Next, I used =binary:split/3= to break the binary into a list of binaries broken on the end line. Sometimes files have an extra end line so filter any =Line= that is an empty binary.
Since we know each =Line= should contain an integer, use =binary_to_integer(Line, 10)= to explicitly convert from a base-10 encoded integer (vs =<<"1F">>= which would necessitate using 16 instead).
** Processing the list
Now that we have a list of integers, we need to find the two entries whose sum is 2020. Naively, we can take the head of the list and iterate over the tail of the list looking for the winning sum.
#+begin_src erlang
main(_) ->
[H|Input] = read_input("p1.txt"),
{X, Y} = find_2020(Input, H),
io:format("answer: ~p~n", [X*Y]).
find_2020(Input, H) ->
case foldl(Input, H) of
{X, Y} -> {X, Y};
'undefined' -> find_2020(tl(Input), hd(Input))
end.
foldl([], _) -> 'undefined';
foldl([Y|_], X) when X+Y =:= 2020 -> {X, Y};
foldl([_|T], X) -> foldl(T, X).
#+end_src
I decided to manually roll a fold that terminates early when the match is found.
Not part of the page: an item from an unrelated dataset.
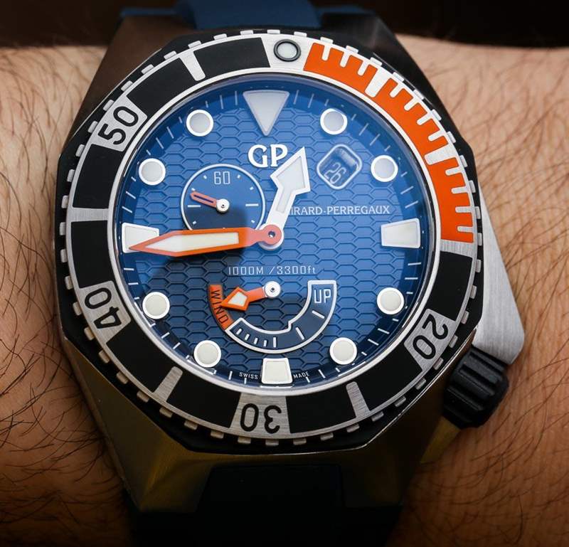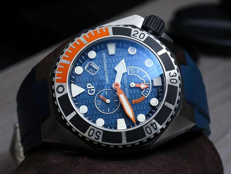 Girard-Perregaux Sea Hawk 表殼采用鋼材制成,尺寸為 44 毫米寬,但考慮到寬大的表耳和 17.1 毫米的表殼厚度,它確實(shí)磨損很大。表殼防水深度達(dá) 1000 米,帶有排氦閥,手表內(nèi)部是芝柏表自制的 GP03300-0074 自動機(jī)芯。它上面有一個(gè)模塊,提供額外的功能,如動力儲存指示器、日期和輔助秒盤。雖然不對稱,但表盤仍然很平衡。我也很喜歡帶有動力儲存指示器的潛水表。順便說一句,它具有 46 小時(shí)的動力儲存,并以 4 赫茲的頻率運(yùn)行。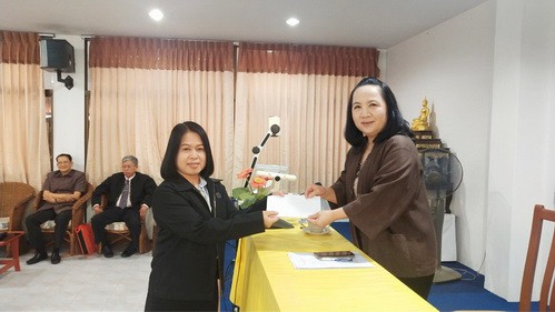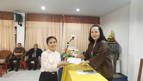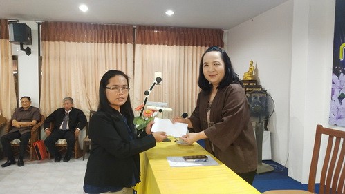 อาจารย์อรพิน ศรีบุญเรือง ผู้รับใบอนุญาต มอบรางวัลเพื่อเป็นขวัญและกำลังใจให้แก่ครูและบุคลากร

First we pop the head of the list (=[H|Input] = read_input(...)=). Next we fold over the tail of the list (=Input=) looking for an item in the list that sums to 2020 with our =H=. If we exhaust the list (first clause of =foldl/2=) we return the atom =undefined= and recursively call find_2020/2 with the head and tail of the list.
To get an idea of what this looks like in practice, suppose a list of =[1, 2, 3]=; =find_2020/2= would evaluate like:
#+begin_example
[1 | [2, 3]] = read_input(...),
find_2020([2, 3], 1).
find_2020([2, 3], 1) ->
foldl([2, 3], 1).
foldl([2 | [3]], 1) -> foldl([3], 1).
foldl([3 | []], 1) -> foldl([], 1).
foldl([], 1) -> 'undefined'.
find_2020([3], 2).
foldl([3 | []], 2) -> foldl([], 2).
foldl([], 2) -> 'undefined'.
find_2020([], 3).
foldl([], 3) -> 'undefined'.
#+end_example
This effectively searches every combination until the solution is found. Solutions of =O(n^2)= complexity are typically not what one might aspire to use when solving problems, but in this case, with a 200-line input file, we're only looking at 40,000 comparisons (at most).
Run time of the script is =real 0m0.177s= =user 0m0.198s= =sys 0m0.043s=.
** Part 2
Part 2 extends part 1 to find 3 entries that sum to 2020 instead.
Reading the input doesn't change in this one so let's look at the search:
#+begin_src erlang :exports code
main(_) ->
Entries = read_input("p1.txt"),
{X, Y, Z} = find_triple(Entries),
io:format("answer: ~p: ~p~n", [{X, Y, Z}, X * Y * Z]).
find_triple([X | Entries]) ->
case find_double(2020-X, Entries) of
'undefined' -> find_triple(Entries);
{Y, Z} -> {X, Y, Z}
end.
find_double(_Total, []) -> 'undefined';
find_double(Total, _) when Total < 0 -> 'undefined';
find_double(Total, [Y | Entries]) when Y >= Total ->
find_double(Total, Entries);
find_double(Total, [Y | Entries]) ->
case [Z || Z <- Entries, Y+Z =:= Total] of
[] -> find_double(Total, Entries);
[Z] -> {Y, Z}
end.
#+end_src
Similar in concept to part 1, we decompose the problem. Given the head of the list, X, search the tail of the list for two entries that sum to (2020 - X). If none is found, recurse into =find_triple/1= with the tail of the list.
Within =find_double/2= we take the head of the list, Y, and iterate through the tail of the list looking for a Z that will satisfy =Y + Z = 2020 - X=. If none is found, recurse using the tail of the list.
We're pushing into =O(n^3)= territory which still only puts us around 8,000,000 comparisons which is pretty trivial for CPUs. Indeed, run time is indistinguishable from part 1: =real 0m0.175s= =user 0m0.179s= =sys 0m0.067s=.
** Wrap up
Day 1 whet the whistle. Took slightly different approaches to iteration and recursion in each part for fun. Dataset is small enough to not be overly concerned with efficiency of approach, instead focusing on (hopefully) solving the problem in an easy-to-read way.